In this study, ESI ion trap MS as a more cost-effective and widely available ESI MS technique compared to ESI FTICR MS (16,45) has been applied to the analysis of polymorphic STR loci. The selected STRs, which consist of dinucleotide repeats, represent a highly abundant sequence motif in many eukaryotic genomes (3,46). However, the determination of such repeat motifs represents a severe challenge since resolving capabilities are required to differentiate alleles which differ by as little as 2 bp. In addition, dinucleotide repeats are prone to amplification errors resulting in truncated PCR artefacts which significantly affect the accurate and reliable allele assignment (47,48). The use of a novel solid phase approach for purification of the PCR reaction mixture which relies on reversible immobilization of PCR products on magnetic particles without special preparation of the PCR product (49) provides a simple sample preparation procedure. The rapid and efficient purification of PCR products from salts and surplus oligonucleotide primers and deoxynucleotide triphosphates (dNTPs) and the capability for this clean-up procedure to be fully automated greatly facilitates the routine application of ESI MS in DNA analysis.

MATERIAL AND METHODS

Polymerase chain reaction

PCR of the equine microsatellite loci was carried out in 50 µl volumes. Each PCR reaction contained ∼50 ng genomic DNA (extracted from whole blood samples), 5 pmol both forward and reverse primer, 1.25 U Taq polymerase (Amersham Pharmacia Biotech, Freiburg, Germany), 10× PCR buffer and 100 µM each dNTP. The conditions for thermal cycling were 95°C for 3 min and 30 cycles of 95°C for 30 s, 52–55°C for 30 s and 72°C for 30 s. The final step was a 10 min elongation at 72°C. As a control, PCR products were analyzed on 10% non-denaturing polyacrylamide gels and visualized by staining with SYBR Gold (MoBiTec, Göttingen, Germany).

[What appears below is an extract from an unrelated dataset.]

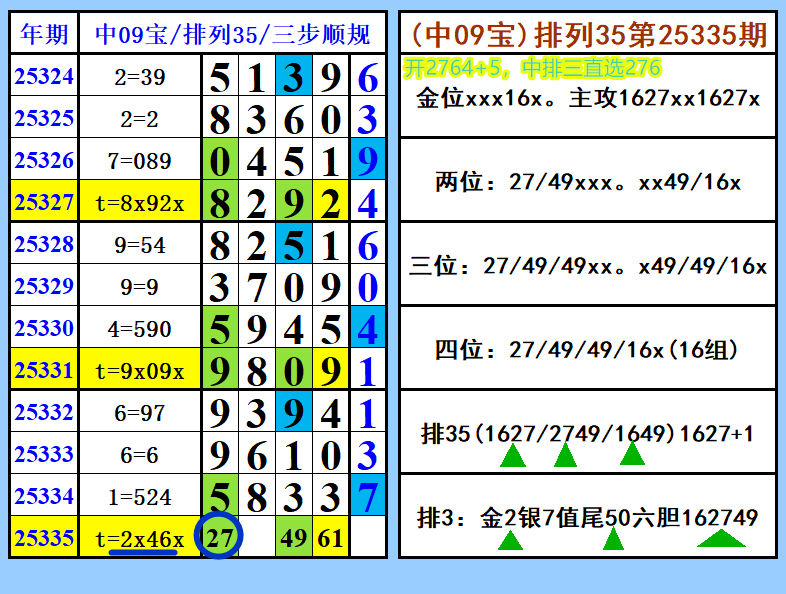 (中09宝)视频经典回顾,排列35第335期,中排三直选276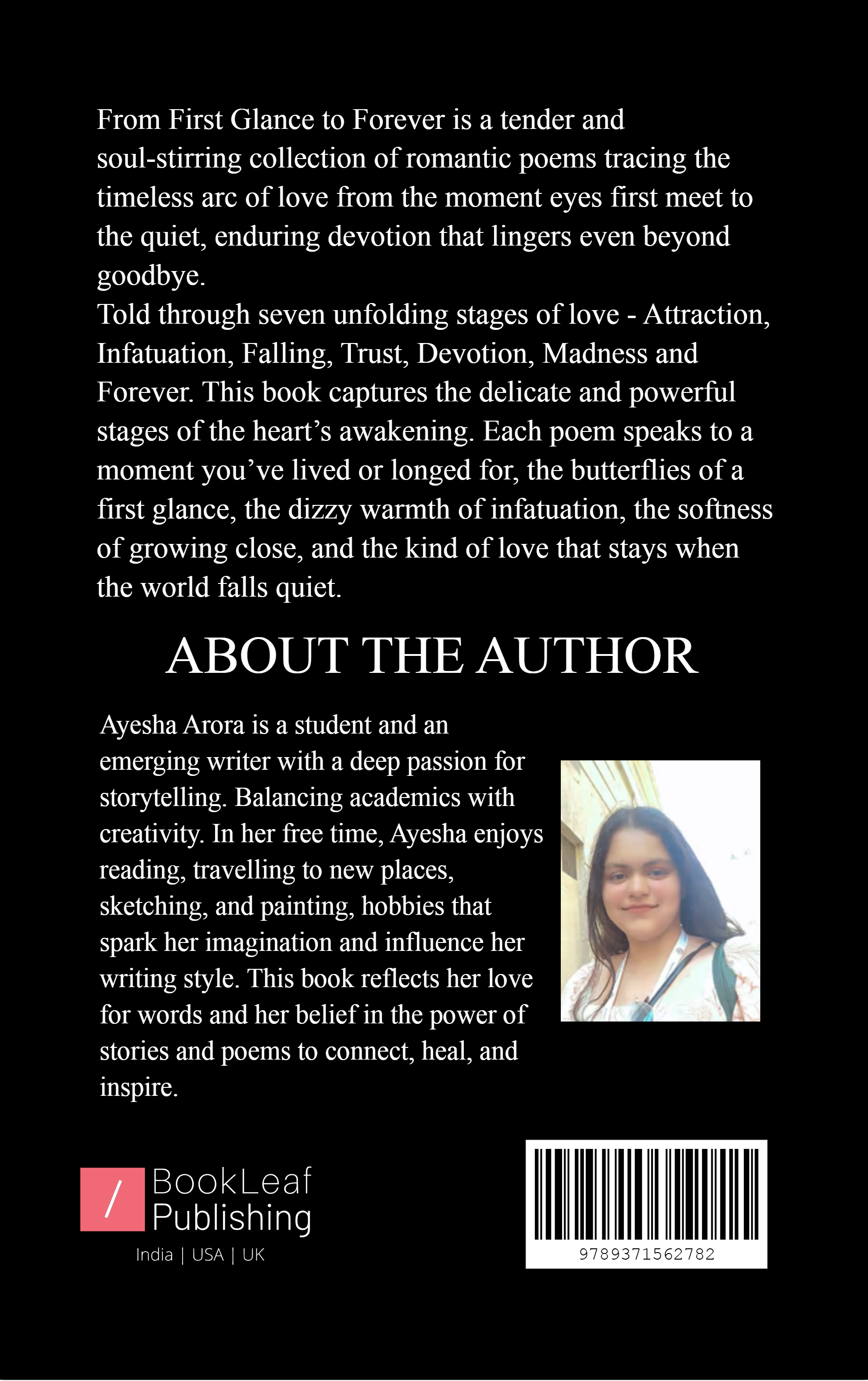 From First Glance to Forever is a tender and soul-stirring collection of romantic poems tracing the timeless arc of love from the moment eyes first meet to the quiet, enduring devotion that lingers even beyond goodbye.

Purification of PCR products

Ethanol precipitation. Prior to precipitation of the 50 µl PCR mixture, surplus primers were digested by incubation with 5 U exonuclease I (Amersham Pharmacia Biotech, Freiburg, Germany) for 1 h at 37°C. Without further purification, NH₄OAc (Merck, Germany) was added to this mixture to a final concentration of 2 M, and then 2.5 vol of 100% ethanol. After incubation overnight at –20°C, solutions were centrifuged for 30 min at 14 000 r.p.m. The precipitated pellet was washed with cold 70% ethanol and centrifuged for 15 min at 14 000 r.p.m. After lyophilization, the PCR product was resuspended in 5 µl of deionized water.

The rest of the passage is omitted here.